### Goal of the exercise
Leave the pictures out and transcribe every record exactly.

[Excerpts from a dataset]
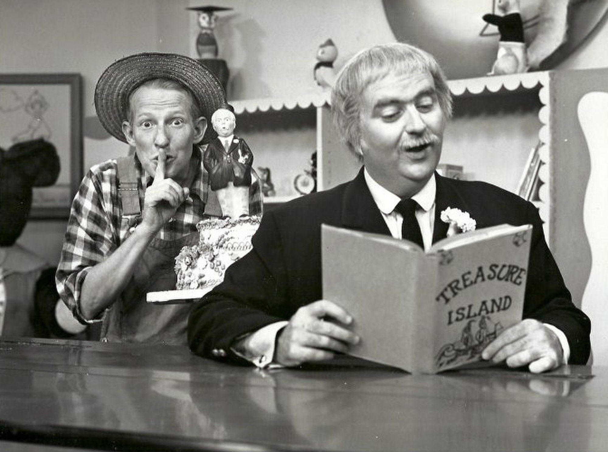 On October 3, 1955 Captain Kangaroo debuted on network television. Image: Hugh Brannum (Mr. Green Jeans) secretly reveals a five year anniversary cake behind Bob Keeshan (Captain Kangaroo) in 1960 via Wikimedia Commons, public domain
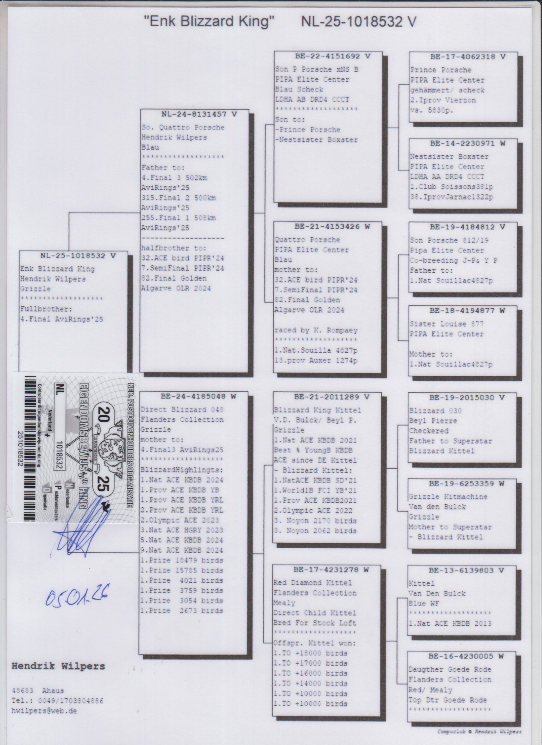 Uit: ”Son Quattro Porsche”, vader 4. Finale OLR Avrings 2025, uit zoon ”Prince Porsche”, OLR Wonderkweker x ”Direct Blizzard”, moeder 4. Finale OLR Avrings 2025, dtr. ”Blizzard King Kittel”, 1. Nat. Asduif Sprint KBDB
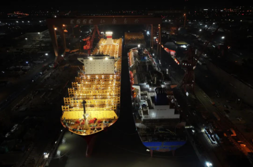 本次出塢的整船是江南造船為新加坡太平船務(wù)建造的14000TEU LNG雙燃料集裝箱船系列船第二艘;起浮的一艘整船是17.5萬(wàn)立方米大型LNG運(yùn)輸船系列船第二艘,兩艘半船分別是為新加坡太平船務(wù)建造的14000TEU LNG雙燃料集裝箱船系列船第三艘的艏、艉半船和第四艘的燃料艙環(huán)段。
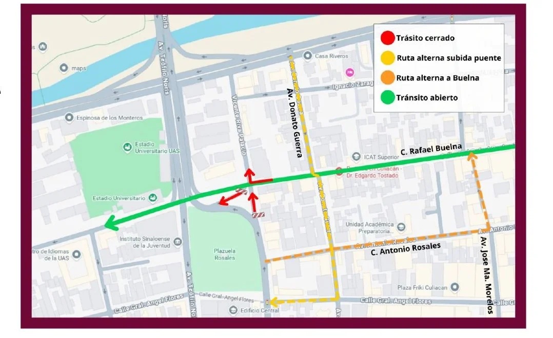 Entre ellos el ingreso al puente Juan de Dios Bátiz desde Rafael Buelna, la avenida Riva Palacio con dirección a Rafael Buelna y la vuelta derecha de Rafael Buelna hacia el Malecón. Ante ello, se recomienda a la ciudadanía tomar precauciones y considerar rutas alternas.
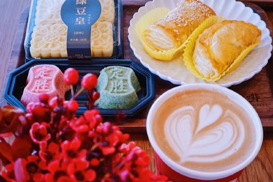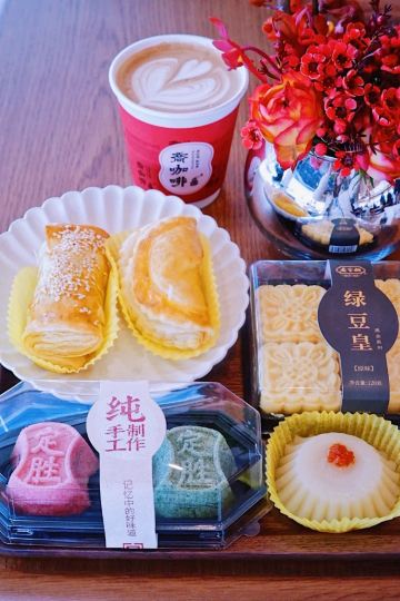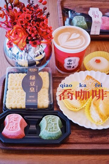 现烤鲜肉月饼,乔咖啡,点心,糯米三丁烧卖,拿铁咖啡,蟹壳黄,叉烧酥,绿豆糕,乔家栅绿豆皇什锦礼盒,奶咖,老上海特产定胜糕装
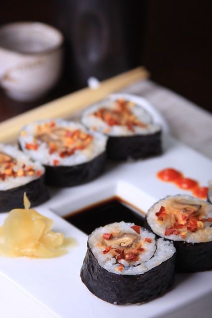 Dried shiitake mushrooms are lovely, and work incredibly well in sushi—their chewy and dense texture actually works better than fresh shiitake, and they hold up well to deep-frying. Adding some rich and spicy sriracha-Vegenaise sauce makes everything melt together here fabulously, producing a heavenly bite of sushi that’s also very easy to make.
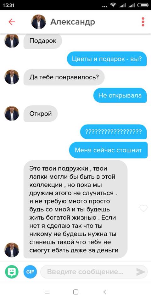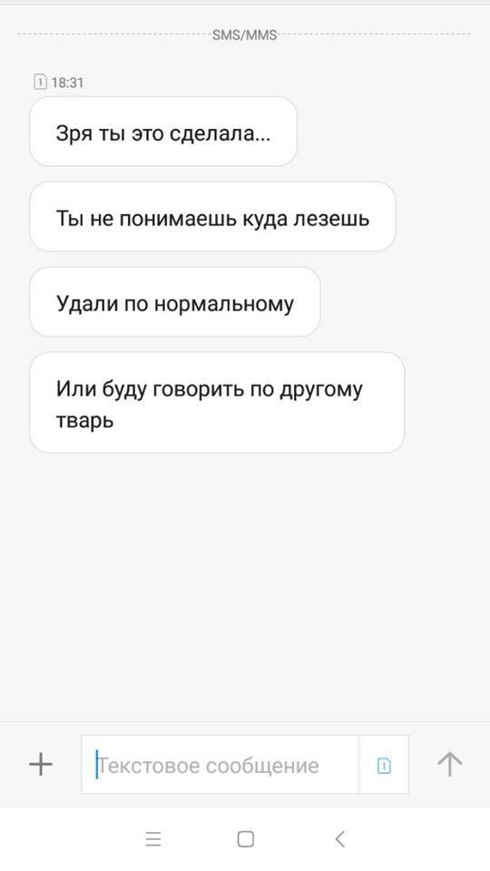 Поле того, как девушка опубликовала переписку, ей пришла еще одна угроза:

### Response area
 On October 3, 1955 Captain Kangaroo debuted on network television. Image: Hugh Brannum (Mr. Green Jeans) secretly reveals a five year anniversary cake behind Bob Keeshan (Captain Kangaroo) in 1960 via Wikimedia Commons, public domain
 Uit: ”Son Quattro Porsche”, vader 4. Finale OLR Avrings 2025, uit zoon ”Prince Porsche”, OLR Wonderkweker x ”Direct Blizzard”, moeder 4. Finale OLR Avrings 2025, dtr. ”Blizzard King Kittel”, 1. Nat. Asduif Sprint KBDB
 本次出塢的整船是江南造船為新加坡太平船務(wù)建造的14000TEU LNG雙燃料集裝箱船系列船第二艘;起浮的一艘整船是17.5萬(wàn)立方米大型LNG運(yùn)輸船系列船第二艘,兩艘半船分別是為新加坡太平船務(wù)建造的14000TEU LNG雙燃料集裝箱船系列船第三艘的艏、艉半船和第四艘的燃料艙環(huán)段。
 Entre ellos el ingreso al puente Juan de Dios Bátiz desde Rafael Buelna, la avenida Riva Palacio con dirección a Rafael Buelna y la vuelta derecha de Rafael Buelna hacia el Malecón. Ante ello, se recomienda a la ciudadanía tomar precauciones y considerar rutas alternas.
 现烤鲜肉月饼,乔咖啡,点心,糯米三丁烧卖,拿铁咖啡,蟹壳黄,叉烧酥,绿豆糕,乔家栅绿豆皇什锦礼盒,奶咖,老上海特产定胜糕装
 Dried shiitake mushrooms are lovely, and work incredibly well in sushi—their chewy and dense texture actually works better than fresh shiitake, and they hold up well to deep-frying. Adding some rich and spicy sriracha-Vegenaise sauce makes everything melt together here fabulously, producing a heavenly bite of sushi that’s also very easy to make.
 Поле того, как девушка опубликовала переписку, ей пришла еще одна угроза:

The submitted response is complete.